I was so internalized that I felt myself crawling around in my own skin. I realize that that particular statement will only make sense to someone who has been there before or is currently there right now. But I could literally feel myself trapped inside of my body. It’s not as if I’m trying to get out either. I’m just living in there. I don’t want anyone to join me, and I don’t want to get out. I’m comfortable where I am, and that’s that. Just leave me alone, shut up, go away, don’t talk to me, don’t bring me food, don’t tell me you understand, and don’t try to help. Just leave me alone. I used to worry about and think about my husband, but there were some events that occurred between us, as a result of a combination between his combat-related stress and my internalized feelings, that caused me to stop thinking about him. I stopped worrying, and I stopped caring. I began to develop severe anger toward everyone I would come into contact with. I lost all sense of emotion except for anger. I forced myself not to act on this anger, because punching someone in the face for having 12 items in a 10 items or less line would be irrational, and I knew that. My logical self and my angry self were conflicted, and I felt angry with myself for feeling angry at everyone else, but I couldn’t stop my anger, so that made me even more angry.

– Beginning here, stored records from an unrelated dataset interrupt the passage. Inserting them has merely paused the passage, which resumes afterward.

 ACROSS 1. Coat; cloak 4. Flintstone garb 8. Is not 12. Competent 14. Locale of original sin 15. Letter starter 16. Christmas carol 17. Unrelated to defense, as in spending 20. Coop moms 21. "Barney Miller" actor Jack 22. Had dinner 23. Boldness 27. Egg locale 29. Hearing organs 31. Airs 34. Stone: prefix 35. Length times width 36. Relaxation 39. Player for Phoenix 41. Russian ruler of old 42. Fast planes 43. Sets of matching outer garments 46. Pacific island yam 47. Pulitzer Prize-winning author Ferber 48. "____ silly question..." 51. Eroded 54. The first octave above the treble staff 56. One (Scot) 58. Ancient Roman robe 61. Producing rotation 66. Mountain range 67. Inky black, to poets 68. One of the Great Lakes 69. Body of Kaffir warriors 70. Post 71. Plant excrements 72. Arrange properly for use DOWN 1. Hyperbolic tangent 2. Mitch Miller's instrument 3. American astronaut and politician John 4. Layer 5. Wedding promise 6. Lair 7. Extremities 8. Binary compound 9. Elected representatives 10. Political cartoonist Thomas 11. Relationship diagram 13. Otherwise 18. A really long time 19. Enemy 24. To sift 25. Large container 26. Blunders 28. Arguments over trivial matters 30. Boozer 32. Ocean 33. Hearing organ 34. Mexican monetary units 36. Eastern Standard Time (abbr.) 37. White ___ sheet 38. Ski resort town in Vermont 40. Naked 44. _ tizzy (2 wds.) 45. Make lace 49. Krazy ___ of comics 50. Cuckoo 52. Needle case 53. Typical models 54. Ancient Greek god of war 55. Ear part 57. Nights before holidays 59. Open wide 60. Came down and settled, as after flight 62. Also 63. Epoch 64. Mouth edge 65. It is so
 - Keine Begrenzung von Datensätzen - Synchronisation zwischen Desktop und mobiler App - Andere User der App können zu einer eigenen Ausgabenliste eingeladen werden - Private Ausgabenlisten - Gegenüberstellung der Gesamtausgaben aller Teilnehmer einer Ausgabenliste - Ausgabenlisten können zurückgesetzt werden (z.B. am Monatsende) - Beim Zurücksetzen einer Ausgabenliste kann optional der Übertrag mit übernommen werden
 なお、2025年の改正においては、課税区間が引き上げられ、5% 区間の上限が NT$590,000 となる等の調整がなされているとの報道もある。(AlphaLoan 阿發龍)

I finally saw my doctor and sought counsel from church. I knew that I wasn’t myself, and I knew that I didn’t want to stay that way, and I knew that I couldn’t fix my problems alone. So, I was prescribed an antidepressant from my doctor. I tried not to be ashamed about this, and talked about it with friends. I immediately felt the results from the medication. I began to feel extreme emotional symptoms. One moment, I would be laughing hysterically, and the next moment I was sobbing uncontrollably. I gained back some motivation, cleaned my house again and got back on top of my laundry routine. I played outside with the boys and enjoyed playing fetch with Ace again. At first, I felt like this was a major fix, but then I realized that I wasn’t actually feeling those emotions. I was only showing the symptoms of those emotions. I was still numb inside. After a few weeks, I began to retreat into myself again. I no longer had anxiety issues. I had full-blown depression.

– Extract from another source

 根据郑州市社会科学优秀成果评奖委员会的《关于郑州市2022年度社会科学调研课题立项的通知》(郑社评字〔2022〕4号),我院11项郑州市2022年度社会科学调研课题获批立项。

This isn’t something that comes easy for me to admit. I feel like so many people have said to me, “You’re so strong!” So, I’ve felt like I’ve needed to live up to their perceptions of me. I didn’t want to let my readers and friends down by revealing my inability to cope. My blog is subtitled, “An Army Wife’s Coping Strategies,” and I’ve run out of coping strategies. I’m a failure. Please, don’t tell me that I’m not, because this is a big deal for me to admit that I am, and yes, I am. I have succeeded in my suggestions of how to deal with the stresses of a deployed spouse, but I’ve failed as an example of how to cope with the stresses of a spouse who is suffering from combat-related stress.

This week, I’ve admitted that I need help beyond friends and family. I tried drugs, and they were a temporary fix. I need more help than what I’ve been doing, so I spoke to my pastor, and he set me up with a Christian counseling center. Next week, I’ll share some of my break-through’s from my first counseling session. It was wonderful to pin-point my source of anger and to have someone, who doesn’t know my husband or me, see things from my perspective and tell me, out loud, that I’m not crazy. I’m not ready for pow-wow’s with friends or family yet, but I know that I’m making progress. I have a fear that strangers might judge me for my depression, enemies might rejoice in my pain, and family/friends might be offended by the things that I’ve written. I’m afraid that other Christians might say that I have lost faith, but I absolutely have not. I can’t let these concerns hold me back from taking this step. I have to get better for my family and for myself. This is no way to live.

My name is Cathi. My husband has been gone for over 16 months. He returned from war with combat-related stress. I have depression from coping with his war injuries.